CN105183738A

CN105183738A - Distributed memory file system based on descent and checkpoint technology

Info

Publication number: CN105183738A
Application number: CN201510128085.6A
Authority: CN
Inventors: 雷州; 朱俊; 曹纪中
Original assignee: JIANGSU NKSTAR SOFTWARE TECHNOLOGY Co Ltd
Current assignee: JIANGSU NKSTAR SOFTWARE TECHNOLOGY Co Ltd
Priority date: 2015-03-23
Filing date: 2015-03-23
Publication date: 2015-12-23

Abstract

The invention discloses a distributed memory file system based on a descent and checkpoint technology. The distributed memory file system can improve a data read-and-write throughput on condition that high fault tolerance is ensured. A problem of throughput reduction caused by data copying is settled by means of a descent concept. Namely when a task fails, data are restored through re-calculation. Furthermore the checkpoint technology is used for controlling time required for re-calculating failed node data. A strict priority model and a weighted fair sharing model are used. Enough calculating resources are supplied for re-calculation of the failed nodes. Furthermore operation of other processes is not affected.

Description

A kind of distributed memory file system based on blood lineage and check point technology

Technical field

The present invention relates to the DAG figure of file in calculating process, file backup technology, and data are reruned mechanism, and possess the scheduling feature of resource.

Background technology

Although caching technology improves the speed of read data at present, remain by network or hard disk when writing data, and ensure the fault-tolerant of data by copying.In the last few years, the speed much making great efforts to improve large-scale parallel data handling system and complexity had been had.Developer and researcher have constructed a lot of programming framework and storage system to process various operation.Because these systems are all that I/O is correlated with, generally introduce buffer memory traditionally and carry out improving performance, although but traditional sense uses in distributed computing system the speed of buffer memory energy significant increase read data, but help not quite for the performance writing data, this is because distributed system needs to provide fault-tolerant, and fault tolerant data is generally adopted preserve copy to realize on multiple different node.In internal memory, produce data trnascription have considerable influence for the performance writing data, and between node the limited transmission of copy in network delay and handling capacity, compare directly use local internal memory to carry out caching performance can be far short of what is expected.
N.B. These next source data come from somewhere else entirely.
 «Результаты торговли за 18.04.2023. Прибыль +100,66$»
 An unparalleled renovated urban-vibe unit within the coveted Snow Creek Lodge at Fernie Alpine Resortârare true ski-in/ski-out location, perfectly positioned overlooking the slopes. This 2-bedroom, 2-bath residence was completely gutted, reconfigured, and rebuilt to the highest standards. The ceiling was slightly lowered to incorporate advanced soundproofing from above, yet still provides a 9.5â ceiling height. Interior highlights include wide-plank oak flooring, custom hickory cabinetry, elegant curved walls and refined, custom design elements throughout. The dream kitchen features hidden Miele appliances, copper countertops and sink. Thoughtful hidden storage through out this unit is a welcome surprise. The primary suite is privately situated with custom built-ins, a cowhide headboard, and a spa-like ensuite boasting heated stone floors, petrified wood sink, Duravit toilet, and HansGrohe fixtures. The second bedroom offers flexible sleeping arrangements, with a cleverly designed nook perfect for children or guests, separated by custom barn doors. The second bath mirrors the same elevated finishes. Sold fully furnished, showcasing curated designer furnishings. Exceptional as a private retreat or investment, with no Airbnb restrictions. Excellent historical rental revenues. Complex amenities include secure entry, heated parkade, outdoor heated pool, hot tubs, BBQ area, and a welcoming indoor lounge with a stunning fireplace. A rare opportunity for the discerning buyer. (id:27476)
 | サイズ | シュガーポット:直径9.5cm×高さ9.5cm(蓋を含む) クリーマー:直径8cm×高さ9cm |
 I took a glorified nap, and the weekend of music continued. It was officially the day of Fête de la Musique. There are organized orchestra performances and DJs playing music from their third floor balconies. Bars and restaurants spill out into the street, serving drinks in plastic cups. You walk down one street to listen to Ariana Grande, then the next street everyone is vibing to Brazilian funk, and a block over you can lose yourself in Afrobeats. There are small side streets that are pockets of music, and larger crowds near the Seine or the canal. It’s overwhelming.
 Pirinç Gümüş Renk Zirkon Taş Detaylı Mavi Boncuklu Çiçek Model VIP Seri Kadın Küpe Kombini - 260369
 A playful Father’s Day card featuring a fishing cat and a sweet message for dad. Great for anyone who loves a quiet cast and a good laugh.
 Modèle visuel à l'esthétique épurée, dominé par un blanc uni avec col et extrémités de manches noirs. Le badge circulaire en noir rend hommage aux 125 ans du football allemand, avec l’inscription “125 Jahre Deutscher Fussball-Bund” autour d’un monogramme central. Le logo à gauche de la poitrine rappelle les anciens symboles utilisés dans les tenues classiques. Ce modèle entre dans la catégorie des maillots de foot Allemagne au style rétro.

The performance writing data has had a strong impact on the operation of pipeline system, an operation of this task can use the output of another operation, these operations generally manage with Oozie and Luigi framework, such as, first utilize MapReduce to extract data, then utilize these data to carry out data base querying, in addition, in the result of data base querying, use machine learning algorithm.In addition, many high-level programming interface (HLPI)s, such as Pig and FlumeJava, become multiple MapReduce operation then order execution program compilation.These cases, all will carry out data backup by network between each step.
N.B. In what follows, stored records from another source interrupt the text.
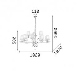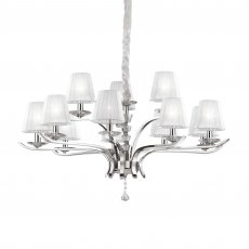 Rodzina lamp Pegaso. Metal Chrom lub Satynowany Mosiądz. Abażury z organzy. Dekoracyjne elementy z ciętego kryształu. Bogata rodzina lamp składająca się z kilku lamp wiszących, kinkietu, lampy podłogowej oraz lampek.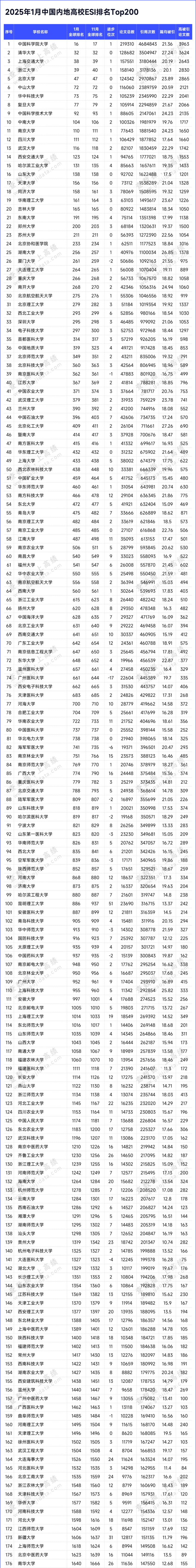 1月9日,科睿唯安(Clarivate Analytics)公布了2025年1月的ESI最新数据。ESI(基本科学指标数据库)是目前世界范围内普遍用以评价高校、学术机构、国家或地区国际学术水平及影响力的重要评价指标工具之一。本次数据覆盖时间范围为2014年1月到2024年10月。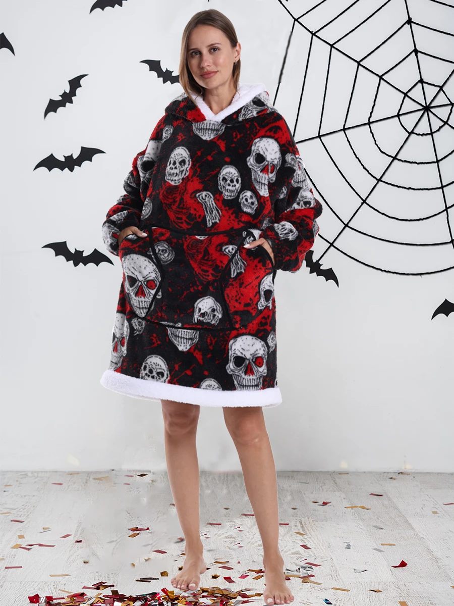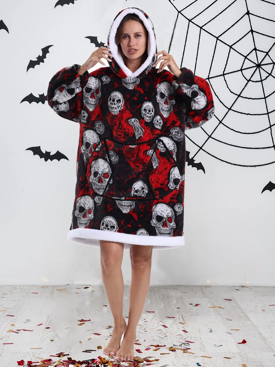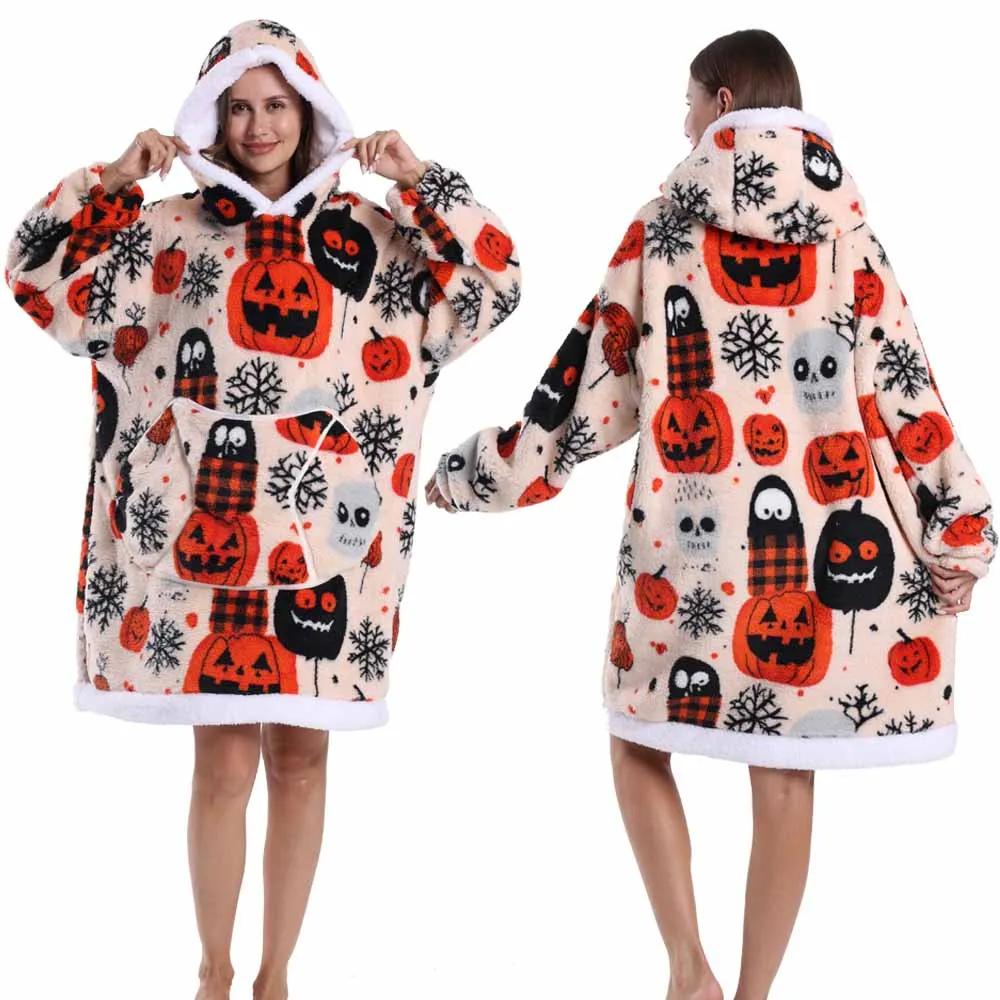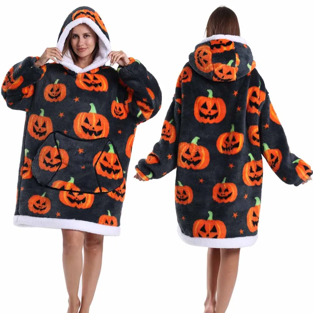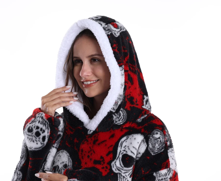 Hoodie Blanket Wearable for Adults Animal Plus Size Hoodies Men Women Clothes Winter Warm Thick Plush TV Blanket Pink Black Tops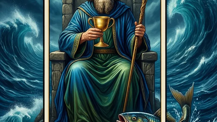Давайте разберем детали. Его трон — каменный, символ устойчивости и воли. Но он стоит в море — царстве эмоций, подсознания, Кубков. Он не боится глубины, он в ней — как дома. Рыба, выпрыгивающая у его ног — это всплывающие интуитивные озарения, которые он умеет ловить. Корона и скипетр — знаки власти, но власти не силовой, а основанной на понимании и сочувствии.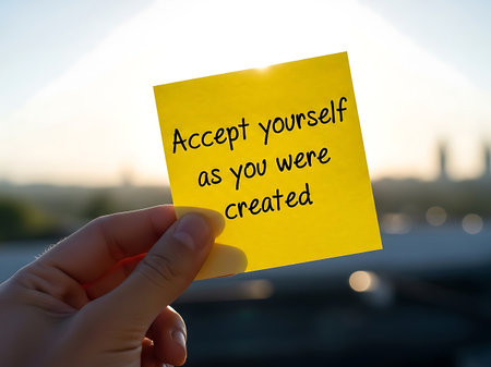 A hand holding a yellow sticky note with the motivational message 'Accept yourself as you were created' against a blurred background of a serene landscape, symbolizing self-acceptance and positivity.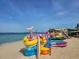 Samae Beach, Koh Larn is another beach where you can enjoy swimming. It is less crowded compared to Tawaen Beach. The beachfront area is spacious, the water is clear, but the waves can be quite strong compared to Tawaen Beach. You can also sit and watch the sunset at this beach. The beachfront restaurants close around 9 PM, and after that, the area becomes very quiet, making it ideal for a peaceful retreat. There is a hidden cave that requires a short walk past the beach, which serves as a great spot to watch the sunset.
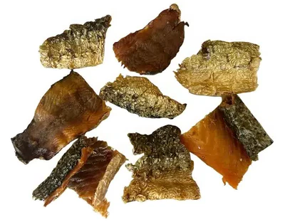 Nos morceaux de peau de saumon avec chair ne sont pas de simples friandises : ce sont des bouchées authentiques, riches en goût et en bienfaits essentiels.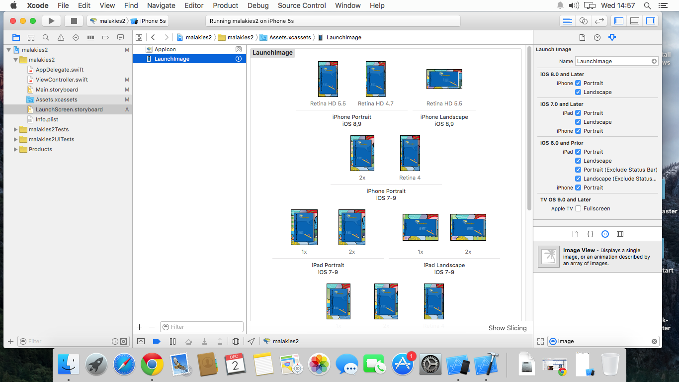 在这里,我做了它所需要的所有的图像尺寸,我用图像填充了所有的表格。我已经通过右击和选择新的iOS启动图像这一点。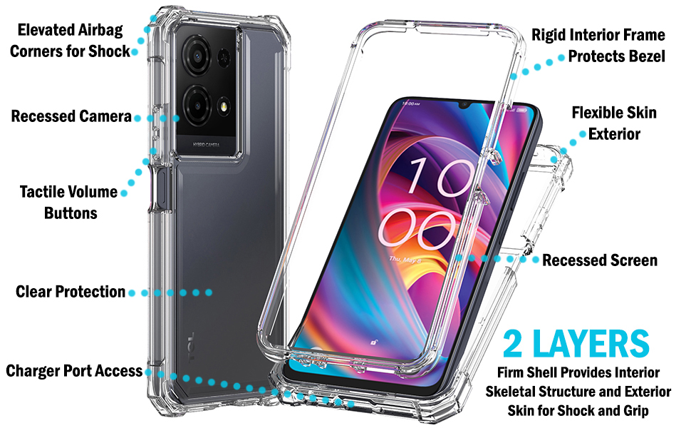 SHOCK ABSORBING LAYERS: The exterior is made of tough yet flexible TPU material that provides enhanced grip in your hand. The inner frame is made of rigid polycarbonate and this skeletal structure provides impact resistance. Features airbag design at all 4 corners - reinforced for drop/shock absorption.

The raising of hardware performance can not address these problems, and on one node, the bandwidth of internal memory is 1 to 3 orders of magnitude of hard disk, and between internal memory and hard disk, the difference of bandwidth is increasing.The appearance of solid state hard disc also can not bring impact to this problem, because the main advantage of solid state hard disc is the delay reducing random access, can not increase the bandwidth of sequential I/O, and this is data-intensive mission requirements.In addition, the increase of network throughput shows that it is feasible for being undertaken that internal storage data copies by network.But, in order to make data center possess fault-tolerant ability in the event of a power failure, just need at least one number according to carrying out hard disk backup.Therefore, in order to improve the handling capacity of system, storage system just must not can possess fault-tolerant ability by data backup.

In order to improve the performance writing data, we have proposed based on blood lineage and check point technical point cloth memory file system, the read-write handling capacity of data can be improved when ensureing fault-tolerance.This system utilizes the concept of blood lineage to evade the problem reduced owing to copying handling capacity that data cause, and be namely by recalculating recovery data at mission failure, that is, blood lineage does not need the backup of data to provide fault-tolerant.

Summary of the invention

The object of the invention is, proposes a distributed memory file system, when ensureing distributed application program data fault-tolerant, promotes the handling capacity of reading and writing data.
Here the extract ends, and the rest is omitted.